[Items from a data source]
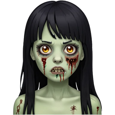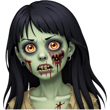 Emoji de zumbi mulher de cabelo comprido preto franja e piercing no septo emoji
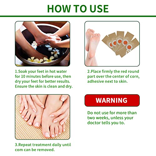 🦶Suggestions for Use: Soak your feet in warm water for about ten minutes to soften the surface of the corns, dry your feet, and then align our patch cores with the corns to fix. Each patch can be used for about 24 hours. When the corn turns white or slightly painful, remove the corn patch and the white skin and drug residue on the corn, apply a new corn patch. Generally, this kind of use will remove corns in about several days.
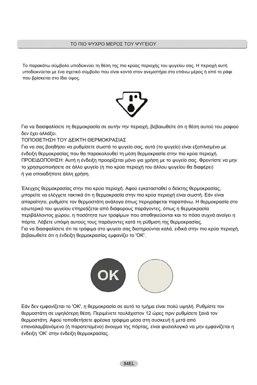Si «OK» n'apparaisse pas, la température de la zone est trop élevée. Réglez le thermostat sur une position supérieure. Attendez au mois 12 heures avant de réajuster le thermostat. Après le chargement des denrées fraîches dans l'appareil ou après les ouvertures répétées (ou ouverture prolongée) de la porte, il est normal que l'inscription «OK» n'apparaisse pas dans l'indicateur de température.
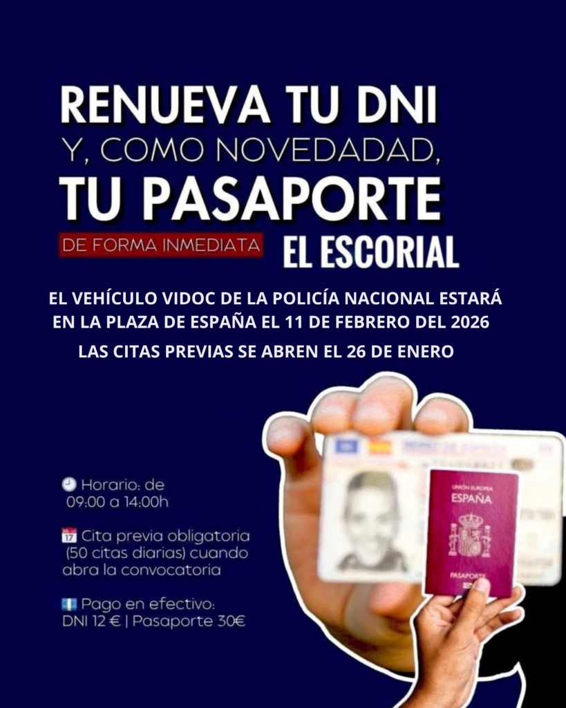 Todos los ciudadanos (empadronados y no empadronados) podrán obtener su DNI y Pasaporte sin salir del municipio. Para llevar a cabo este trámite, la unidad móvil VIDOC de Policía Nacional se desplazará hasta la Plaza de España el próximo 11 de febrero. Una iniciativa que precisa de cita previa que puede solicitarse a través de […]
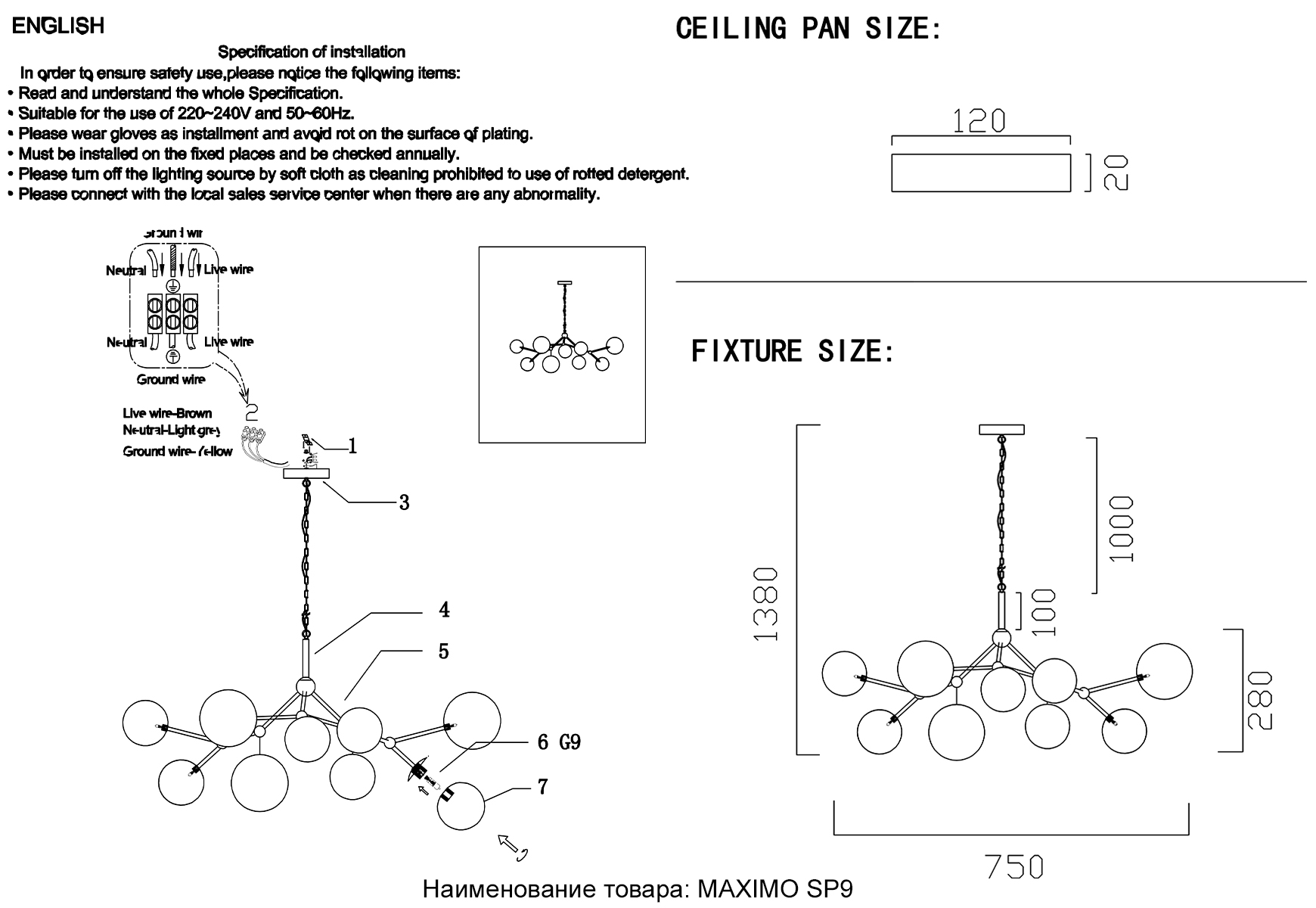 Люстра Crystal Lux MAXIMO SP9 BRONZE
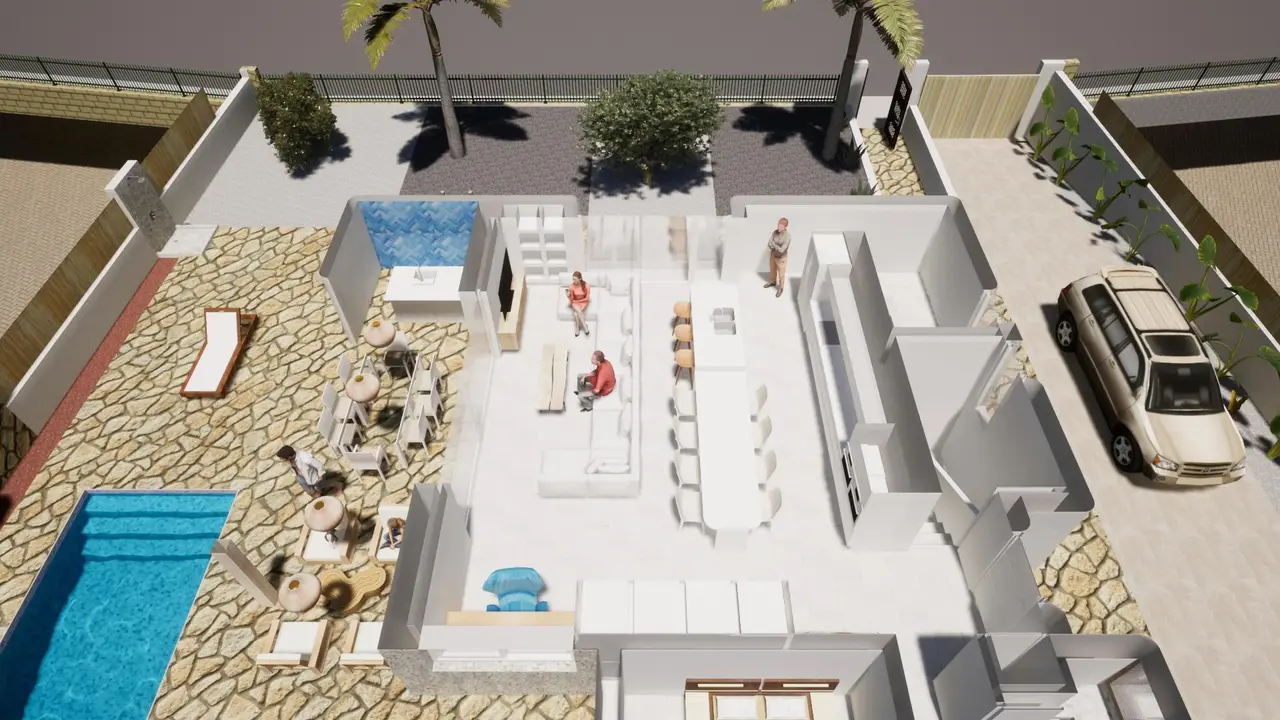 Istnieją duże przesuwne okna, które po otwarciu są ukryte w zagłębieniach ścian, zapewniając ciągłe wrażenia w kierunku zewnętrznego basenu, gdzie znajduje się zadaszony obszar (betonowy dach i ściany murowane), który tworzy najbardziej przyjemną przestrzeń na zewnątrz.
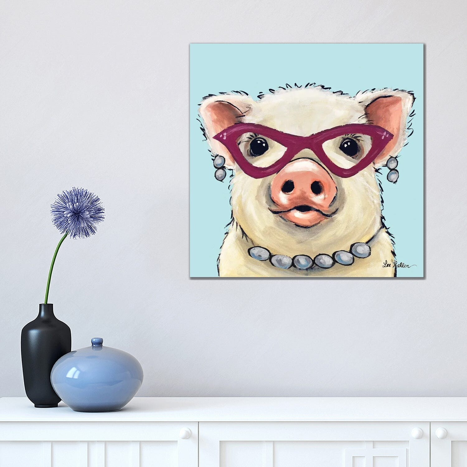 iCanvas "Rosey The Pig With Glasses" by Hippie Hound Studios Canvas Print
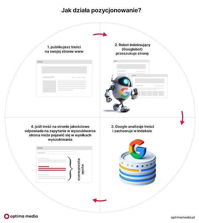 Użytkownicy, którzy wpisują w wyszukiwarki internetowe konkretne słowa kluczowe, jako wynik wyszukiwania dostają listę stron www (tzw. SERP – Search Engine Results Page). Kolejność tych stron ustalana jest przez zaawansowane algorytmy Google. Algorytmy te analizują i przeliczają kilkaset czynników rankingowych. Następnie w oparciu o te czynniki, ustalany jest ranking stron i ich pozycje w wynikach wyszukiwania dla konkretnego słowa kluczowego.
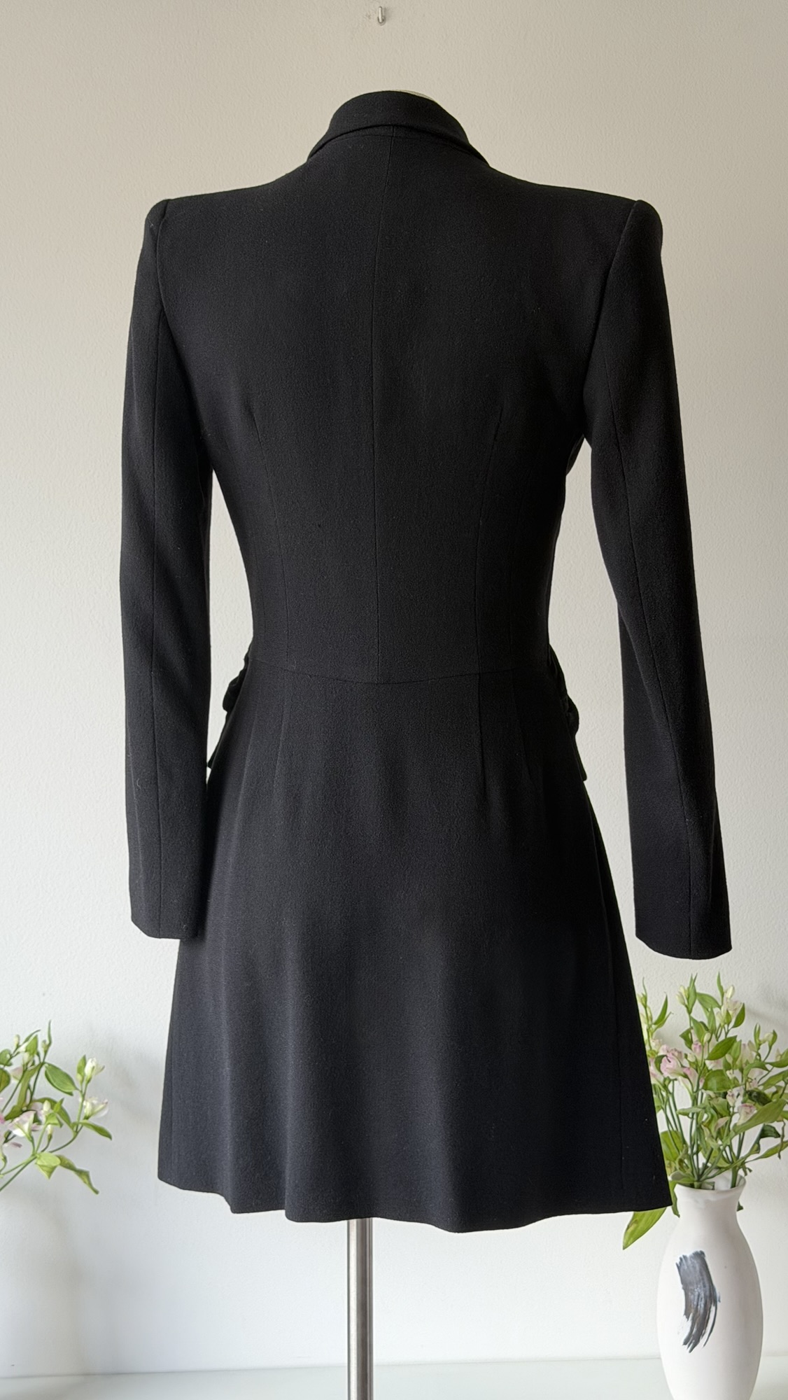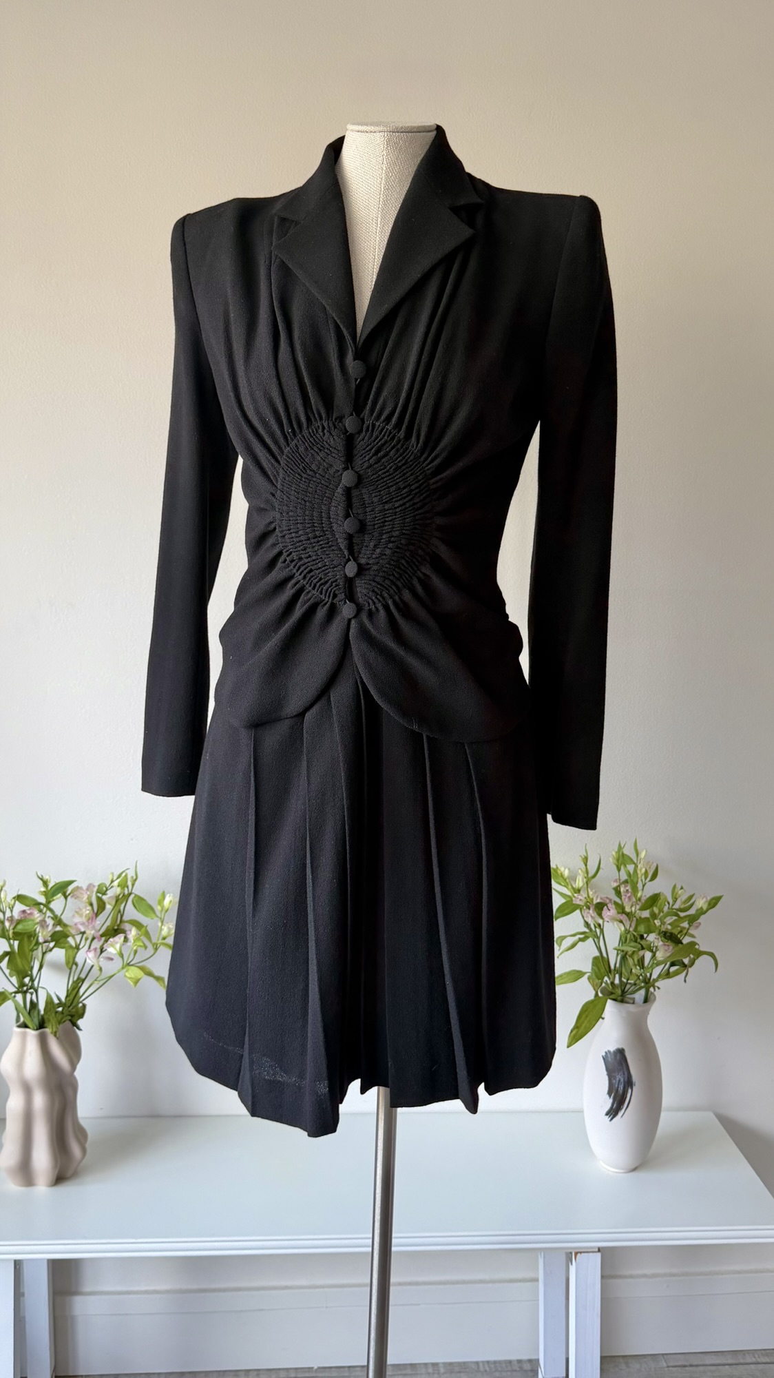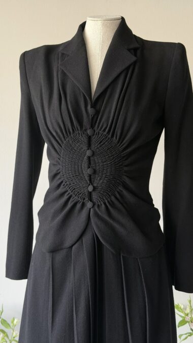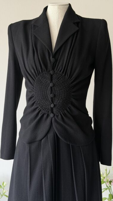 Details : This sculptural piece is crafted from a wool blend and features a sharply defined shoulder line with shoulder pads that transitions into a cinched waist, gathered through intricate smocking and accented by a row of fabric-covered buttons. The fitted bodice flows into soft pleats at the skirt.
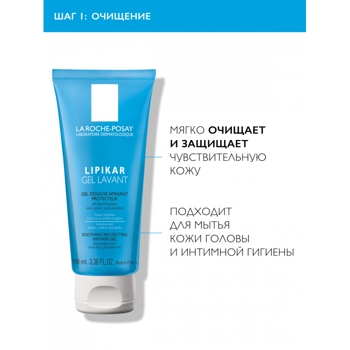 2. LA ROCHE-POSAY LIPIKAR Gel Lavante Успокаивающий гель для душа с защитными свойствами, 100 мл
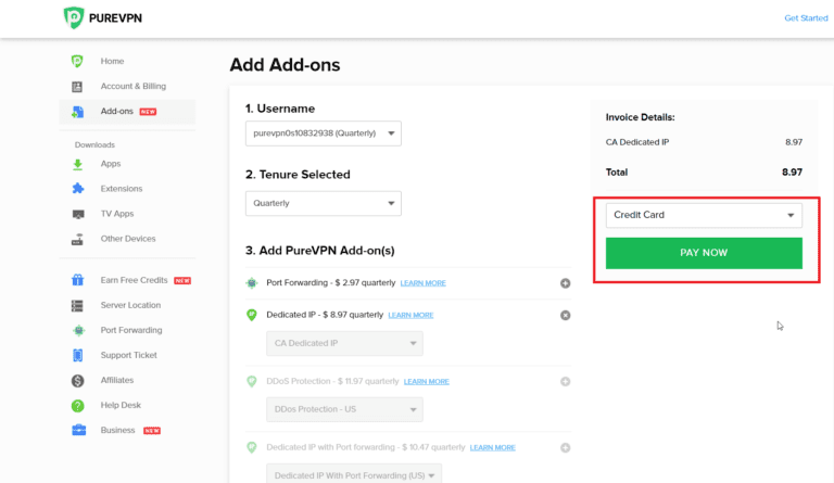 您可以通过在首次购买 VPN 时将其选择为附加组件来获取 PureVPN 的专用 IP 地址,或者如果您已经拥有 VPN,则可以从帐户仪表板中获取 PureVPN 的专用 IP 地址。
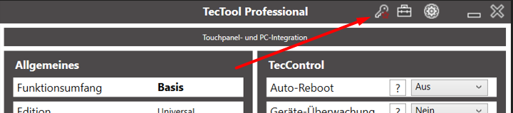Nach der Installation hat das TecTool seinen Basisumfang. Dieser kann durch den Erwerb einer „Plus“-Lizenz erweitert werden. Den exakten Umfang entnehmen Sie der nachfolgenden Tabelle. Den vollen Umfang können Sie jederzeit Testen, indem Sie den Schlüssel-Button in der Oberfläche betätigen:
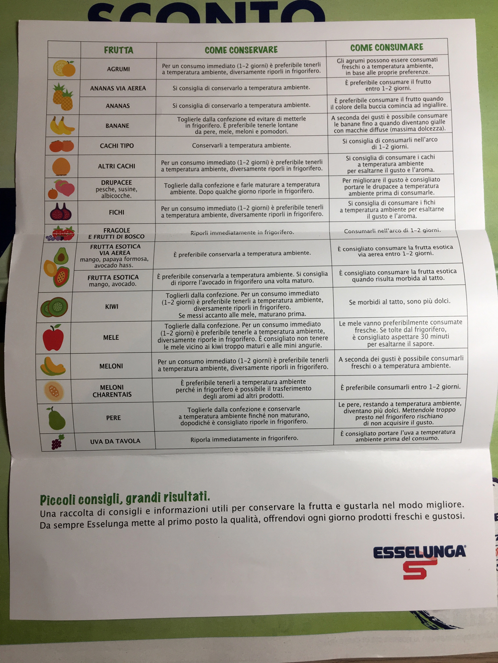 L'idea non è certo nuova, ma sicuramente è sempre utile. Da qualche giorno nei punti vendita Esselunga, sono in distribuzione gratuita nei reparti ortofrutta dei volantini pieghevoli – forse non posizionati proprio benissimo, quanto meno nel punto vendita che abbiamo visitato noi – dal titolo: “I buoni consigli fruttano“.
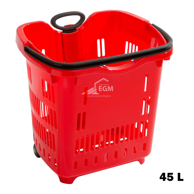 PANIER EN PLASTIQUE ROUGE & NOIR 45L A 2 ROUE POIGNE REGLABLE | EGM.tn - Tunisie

== Instructions to follow ==
Set down exactly, from the line that contains "Nach der Installation" through the last line of the data, each line as it stands, and leave the pictures out.

== Response to the task ==
Nach der Installation hat das TecTool seinen Basisumfang. Dieser kann durch den Erwerb einer „Plus“-Lizenz erweitert werden. Den exakten Umfang entnehmen Sie der nachfolgenden Tabelle. Den vollen Umfang können Sie jederzeit Testen, indem Sie den Schlüssel-Button in der Oberfläche betätigen:
 L'idea non è certo nuova, ma sicuramente è sempre utile. Da qualche giorno nei punti vendita Esselunga, sono in distribuzione gratuita nei reparti ortofrutta dei volantini pieghevoli – forse non posizionati proprio benissimo, quanto meno nel punto vendita che abbiamo visitato noi – dal titolo: “I buoni consigli fruttano“.
 PANIER EN PLASTIQUE ROUGE & NOIR 45L A 2 ROUE POIGNE REGLABLE | EGM.tn - Tunisie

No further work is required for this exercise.